Семь дней бродила по лесу кривоногая росомаха, на восьмой принесла матери кости того оленя, чьё мясо сама съела.

— Твоего, росомаха, угощенья ждать — с голоду умрёшь, — сказала Мааны. — За то, что семь дней пропадала, пусть потомки твои по семь дней добычу выслеживают, пусть никогда они не наедаются досыта, пусть едят с голоду всё, что придётся…

Росомаха обвила кривыми лапами ствол кедра, и с тех пор Мааны никогда не видала её.

Четвёртой пошла на охоту рысь. Она принесла матери только что добытую косулю.

— Да будет твоя охота всегда так же удачлива, — обрадовалась Мааны. — Твои глаза зоркие, уши чуткие. Хруст сухой ветки ты слышишь на расстоянии дня пути. Тебе в непроходимой чаще леса хорошо будет жить. Там, в дуплах старых деревьев, ты детей своих будешь растить.

И рысь, неслышно ступая, той же ночью убежала в чащобу старого леса.

Теперь на ирбиса-барса посмотрела Мааны. Ещё слова сказать не успела, а барс одним прыжком уже вскочил на островершинную скалу, одним ударом лапы повалил горного теке-козла.

Перебросив его через плечо себе на спину, барс на обратном пути поймал быстрого зайца. С двумя подарками мягко прыгнул он вниз, к жилищу старой Мааны.

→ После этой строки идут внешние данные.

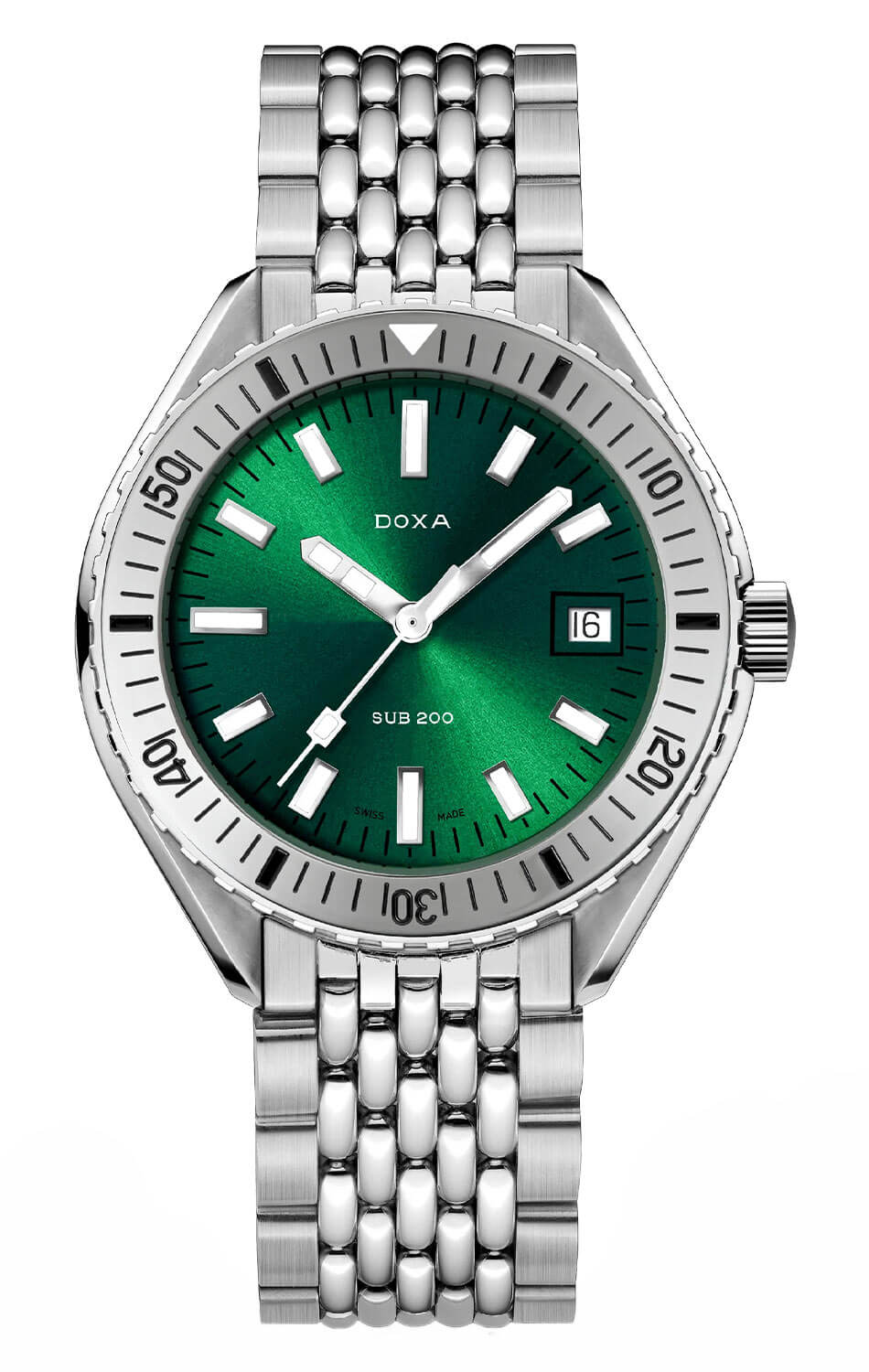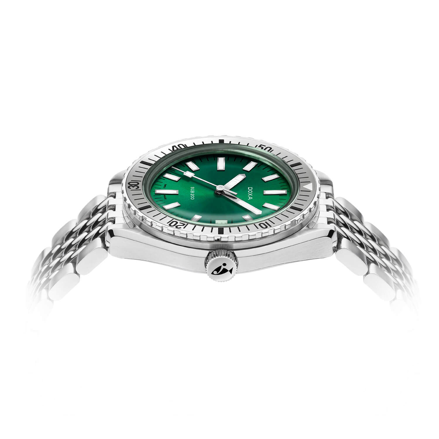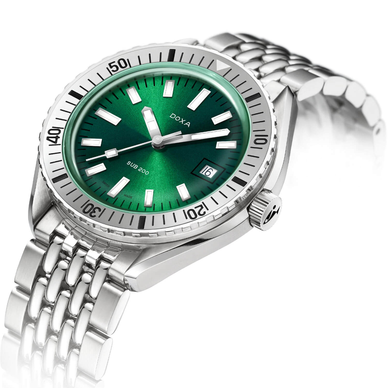 Pod safírovým sklíčkem se nachází sněhově zelený číselník. Jeho sytá barva zajišťuje maximální kontrast a viditelnost pod vodou, zatímco indexy a ručičky pokryté vrstvou Super-LumiNova® zůstávají čitelné i ve tmě. Na třetí hodině je umístěno datumové okénko v rámečku, které nenarušuje harmonii celkového designu. Potápěčské hodinky Doxa SUB Automatic 7961013110 na náramku nejsou určeny do vitríny – jsou to poctivé diverky připravené k akci.

— Ты, ирбис-сынок, всегда живи на высоких скалах, на недоступных камнях. Живи там, где ходят горные теке-козлы и вольные аргали[1].

Взобрался барс на скалы, убежал в горы, поселился между камней.

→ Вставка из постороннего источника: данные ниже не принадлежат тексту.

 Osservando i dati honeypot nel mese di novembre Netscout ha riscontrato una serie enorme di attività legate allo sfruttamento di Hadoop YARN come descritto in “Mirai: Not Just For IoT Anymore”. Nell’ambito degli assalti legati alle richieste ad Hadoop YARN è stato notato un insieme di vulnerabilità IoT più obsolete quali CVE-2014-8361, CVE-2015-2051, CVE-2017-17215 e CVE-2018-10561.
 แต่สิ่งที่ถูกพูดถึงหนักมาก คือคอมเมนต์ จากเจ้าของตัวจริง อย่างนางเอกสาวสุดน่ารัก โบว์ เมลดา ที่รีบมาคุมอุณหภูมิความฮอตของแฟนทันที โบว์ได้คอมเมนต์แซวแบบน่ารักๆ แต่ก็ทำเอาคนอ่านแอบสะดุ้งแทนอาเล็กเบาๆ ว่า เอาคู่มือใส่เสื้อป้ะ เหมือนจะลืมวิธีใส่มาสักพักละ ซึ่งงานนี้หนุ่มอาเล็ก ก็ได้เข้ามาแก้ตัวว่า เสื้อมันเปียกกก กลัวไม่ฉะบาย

Куда пошёл тигр, Мааны не знала. Добычу он принёс ей, какую она не просила. Он положил к её ногам убитого охотника.

Заплакала, запричитала большая Мааны:

— Ой, сынок, как жестоко твоё сердце, как нерасчётлив твой ум. Ты первый с человеком вражду начал, твоя шкура полосами его крови на вечные времена окрашена. Уходи жить туда, где полосы эти будут мало приметны, — в частый камыш, в тростники, в высокую траву. Охоться там, где ни людей, ни скота нет. В хороший год питайся дикими кабанами и оленями, в плохой — лягушек ешь, но не трогай человека! Если человек тебя заметит, он не остановится, пока не настигнет.

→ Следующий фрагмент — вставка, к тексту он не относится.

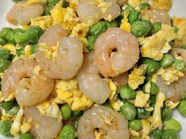 4.炒至蝦仁變色後,倒入雞蛋液滑熟,接著倒入豌豆一起翻炒均勻,淋入少量生抽提鮮,繼續翻炒均勻入味,即可出鍋開吃。
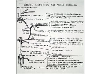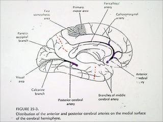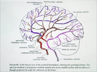 2. It describes the main arteries and veins supplying the brain and how regional cerebral blood flow is regulated by factors like carbon dioxide levels, oxygen levels, and neural activity.

С громким жалобным плачем полосатый тигр в тростники ушёл.

Теперь отправился на добычу седьмой сын — лев. В лесу охотиться он не захотел, спустился в долину и приволок оттуда убитого всадника и мертвую лошадь.

Мааны-мать чуть ум не потеряла:

— Ох-ох! — стонала она, царапая свою голову. — Ох, жаль мне себя, зачем родила я семерых детей! Ты, седьмой, самый свирепый! На моём Алтае не смей жить! Уходи туда, где не бывает зимней стужи, где не знают лютого осеннего ветра. Может быть, жаркое солнце смягчит твоё твёрдое сердце.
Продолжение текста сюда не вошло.